Friday, July 12, 2013

Giant Robots vs. Monsters

The idea behind director Guillermo del Toro's latest movie is hardly original. The world, not just Hollywood, has made a living on giant monster movies for decades. We've also seen a number of giant robot movies, particularly big-budget CGI-extravaganzas in recent years. Even animated movies such as Monsters vs. Aliens have pitted two groups of giant creatures against each other.

More than Blade II (the only watchable film from that franchise) or either of the Hellboy movies, del Toro's latest is easily his most mainstream attempt at a summer blockbuster. We certainly get the director's spin on things, and designs of creatures who seem right at home in Hellboy or Pan's Labyrinth, but the story from the director and co-writer Travis Beacham itself is by the book (and doesn't even attempt to color outside the lines). The result is a film that feels a lot like a mashup of Robot Jox, Independence Day (complete with last-minute inspirational speech and wacky scientists), Top Gun, Transformers, and various monster movies all spruced up with sexy CGI and de Toro's eye for creature design.

The world we are thrust into concerns an Earth constantly being attacked by Kaiju (a Japanese term that has been used to describe the giant monsters in various films beginning with Godzilla) who have crossed over into our dimension through a dimensional rift deep in the Pacific Ocean. To combat the giant destructive creatures, the various governments of the world have united to create giant robot fighters known as Jaegers which are controlled by a pair of pilots who use a mind-meld technique to control the machine through their shared memories. The concept creates a situation where a pilot must be paired with a suitable partner (many of those shown are brothers, fathers and sons, or other close relations).

The film opens with the scuttling of the Jaeger program as the Kaiju coming through the rift have become too large and strong for the robots that no longer seem a match for them. Following the opening narration setting up the world, our first real sequence gives us an example of this as Yancy (Diego Klattenhoff) and Raleigh Becket (Charlie Hunnam) are unable to stop the latest Kaiju attack in a failure that leaves their robot, and one of the brothers, dead.


As the world's governments have put their resources into building massive (ineffectual) walls and a new super-secret program that's ill-defined and never shown, Stacker Pentecost (Idris Elba) gathers what little funding he has left and the remaining Jaegers from all over the world and sets up shop in Hong Kong as a private defense outfit. To pilot a recently repaired Mark-3 Jaeger he pulls Raleigh out of retirement and puts the pilot back to work behind the wheel of a giant robot.

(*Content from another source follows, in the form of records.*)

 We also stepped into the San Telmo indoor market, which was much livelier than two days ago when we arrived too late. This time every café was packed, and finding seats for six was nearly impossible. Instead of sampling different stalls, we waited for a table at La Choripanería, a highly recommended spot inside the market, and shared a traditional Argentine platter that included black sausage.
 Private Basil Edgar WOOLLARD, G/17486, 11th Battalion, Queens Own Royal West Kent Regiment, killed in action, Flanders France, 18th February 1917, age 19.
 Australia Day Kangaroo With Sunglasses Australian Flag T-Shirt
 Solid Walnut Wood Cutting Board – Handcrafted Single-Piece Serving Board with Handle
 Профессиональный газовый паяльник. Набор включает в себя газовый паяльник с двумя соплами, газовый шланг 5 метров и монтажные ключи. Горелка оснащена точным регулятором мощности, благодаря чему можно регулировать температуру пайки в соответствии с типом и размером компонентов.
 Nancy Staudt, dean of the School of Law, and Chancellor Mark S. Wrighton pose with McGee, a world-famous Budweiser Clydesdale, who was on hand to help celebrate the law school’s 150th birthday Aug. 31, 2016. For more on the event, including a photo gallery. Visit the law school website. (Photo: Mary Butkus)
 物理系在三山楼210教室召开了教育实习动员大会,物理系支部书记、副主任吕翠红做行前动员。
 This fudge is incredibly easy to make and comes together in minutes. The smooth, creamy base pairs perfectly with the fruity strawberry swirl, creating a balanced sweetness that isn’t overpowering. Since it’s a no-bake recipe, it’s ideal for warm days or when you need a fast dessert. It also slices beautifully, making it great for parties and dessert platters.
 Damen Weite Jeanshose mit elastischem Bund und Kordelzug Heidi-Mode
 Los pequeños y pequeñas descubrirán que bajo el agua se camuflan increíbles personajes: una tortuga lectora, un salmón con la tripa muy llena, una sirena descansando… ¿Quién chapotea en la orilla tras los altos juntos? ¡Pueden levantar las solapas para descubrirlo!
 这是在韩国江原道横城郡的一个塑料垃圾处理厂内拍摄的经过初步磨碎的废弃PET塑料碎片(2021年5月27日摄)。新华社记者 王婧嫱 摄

Other storylines involve the woman (Rinko Kikuchi) best suited to be Raleigh's partner, whose promotion to pilot Pentecost is dead-set against for personal reasons which will slowly be revealed, the rivalries inside the Jaeger bunker between the maverick Raleigh and a young hot shot (Robert Kazinsky) who pilots the last Jaeger ever built with his father (Max Martini), and a pair of squabbling scientists (Charlie DayBurn Gorman) working on discovering where the monsters are coming from and why they are journeying through the rift in ever-increasing numbers.


The CGI-heavy film offers some impressive visuals as well as some sadly distorted shaky cam shots (which make absolutely no sense given nearly all of these sequences are computer generated). The robots are the most interesting characters in the movie. Although more than half of the film is CGI-heavy action we don't get to spend nearly enough time getting to know the various quirks of the different style of Jaeger.

The same could be said for their pilots. Although the story focuses heavily on both Raleigh's relationship to Mori (Kikuchi) and his bristling rivalry with the younger Hansen (Kazinsky), we get very little time with the other pilots (Heather DoerksenRobert MailletCharles LuuLance LuuMark Luu) and even less with the numerous ground crew, systems techs, and engineers who keep the robots in working order on a shoestring budget.


Warner Bros. Pictures and Legendary Pictures Pacific Rim (the ridiculously long full name of the movie that fits its ridiculous premise) offers up a loud, big budget spectacle with some over-the-top comic relief from the likes of Day and Ron Perlman (in a small role as a Kaiju black marketeer) while also delivering some extended dramatic moments recycled from several well-known films. However it offers up few surprises, as the audience will be able to guess what is coming in this basic underdog-makes-good tale of survival.

Even knowing where the film was going, and laughing at some of the rudimentary character dynamics the film relies so heavily on (never bothering to develop them more than necessary for this brand of movie), I still had an okay time. If you're simply looking for big robots smashing into giant monsters this could be your guilty pleasure of the summer, but if you are expecting del Toro's involvement to raise the bar and deliver something more than a stylistic summer popcorn flick then you're likely to end up disappointed.